Потом, посмотрев на выражение лица Беатрис и на то, как она решительно наливает себе очередную рюмку водки, счел за лучшее сделать над собой усилие.
– Итак, приступим, расскажи мне, с чего все началось? – сказал он, попытавшись говорить как можно веселее.
Беатрис залпом опрокинула рюмку.
– Я всегда знала, что рождена для театра, – напыщенно сказала она, – еще ребенком, когда мне было два года, я уже играла. Ничто и никто не мог помешать мне идти этой дорогой, я знала это…
Говоря, она пристально, даже с вызовом, смотрела на Эдуара, и он, не зная, что делать, покраснел от стыда за нее.
– Ну что же? – сказала она. – Почему ты не записываешь? Ведь это не слишком выспренне, не слишком глупо и не так уж трескуче. Или ты хочешь, чтобы я рассказала тебе о годах нищеты, когда я училась в консерватории? О том, как юной девушкой я мечтала о роли Федры? О бутербродах, съедаемых на скорую руку, потому что я экономила, чтобы платить за обучение.
– Погоди, – прервал ее ошеломленный Эдуар, – скажи, что на тебя нашло?
– Нашло не нашло, но с меня хватит! – бушевала Беатрис. – Ты же знаешь, что все было просто и буднично: я стала актрисой случайно, потому что мой муж, первый муж, был невыносимо скучный и очень богатый господин, а один из моих любовников был актером. Я тебе говорила это сотни раз. Так зачем же ты задаешь мне идиотские вопросы?
– Но это ты задаешь идиотские вопросы, – сказал Эдуар. – И задаешь их себе. Я-то как раз ни о чем тебя не спрашиваю.

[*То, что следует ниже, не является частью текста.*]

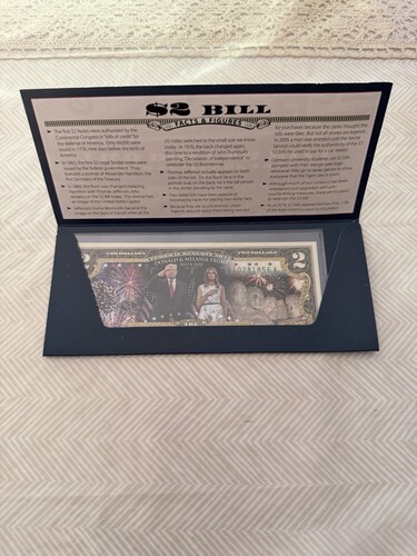 This uncirculated $2 Bill is Genuine Authentic Legal Tender of the United States, which has been enhanced with beautiful colorized images of Dale Earnhardt, Jr. with National Guard as sponsor of car No. 88. The full colorized images are accomplished through a revolutionary new authentic genuine colorization process pioneered by The Merrick Mint. Included is a Certificate of Authenticity to guaranty that your bills are authentic and recognized by every monetary authority around the world, and assuring its Collector Edition status. Only genuine Legal Tender $2 United States Bills are used for this unique colorization process. Each $2 Bill is in FRESH, CRISP, UNCIRCULATED condition, and was directly removed from untouched wrapped Federal Reserve sealed packs. Former U.S. President Thomas Jefferson is featured on the obverse of the note, along with the special colorization overlay. The Signing of the Declaration of Independence by John Trumbull is featured on the reverse. It is the only U.S. Currency note that features two Presidents, John Adams and Thomas Jefferson, and it is one of the most rarely seen BILLS in circulation and actual use.

– А почему? – сказала Беатрис. – Почему ты меня ни о чем не спрашиваешь?
И вдруг, опустив голову, она разразилась рыданиями. «Господи, – думала она, – я же пьяна, и это смешно; водка всегда на меня так действует. А настроение у меня прекрасное». Ей и в самом деле совсем не было грустно, и она не понимала, откуда взялись эти слезы, обильные и жгучие. Эдуар был потрясен. Он не мог припомнить, когда видел Беатрис в слезах, а если и видел, то она со злостью старалась их сдержать. А сейчас ему показалось, что она сама позволила себе расплакаться и плачет с наслаждением. Он встал подле нее на колени, взял ее за руки.
– Не понимаю, – сказал он, – не понимаю, что с тобой.
Беатрис рыдала навзрыд. Потом вытерла мокрое лицо о пиджак Эдуара и опрокинула еще одну рюмку водки, будто хотела доконать себя.
– Я и сама не знаю, – проговорила она прерывающимся голосом, – я тебя засыпаю идиотскими шаблонами, а ты слушаешь, как будто так и надо. Ты что, считаешь меня круглой дурой? – неожиданно весело спросила она.
И, снова уткнувшись ему в плечо, расплакалась с новой силой. Эдуар обнял ее, как бы защищая, и преисполнился угрызениями совести. С того вечера в Лилле, с того пресловутого вечера он узнал, что у нее есть и комплексы, и сомнения в том, что она действительно умна. Но он также знал, что объективно она, конечно, умна. Он вел себя как эгоист и тупица. И теперь должен вернуть ей уверенность в себе. Мысль о том, что он – именно он, Эдуар, – должен вернуть ей эту уверенность, наполняла его огромной радостью. Он убаюкивал ее, шепча нежные слова. Он был в восторге от того, что эта жестокая и красивая тигрица, припавшая к его плечу, расплакалась из-за него. Беатрис же, отказавшись от каких бы то ни было объяснений, забыв даже, по какому поводу она собиралась их давать, с улыбкой думала о том, что Эдуар слишком уж сложен. Бэзил куда проще расспрашивал бы ее. Кстати, о Бэзиле, он такой милый, завтра она непременно уделит ему часок, он почти умолял ее об этом после их первой близости. Он такой искусный, этот Бэзил… Но она не признавалась самой себе, что торопит ее на свидание с Бэзилом не столько воспоминание о его достоинствах, сколько глухая злоба против Эдуара.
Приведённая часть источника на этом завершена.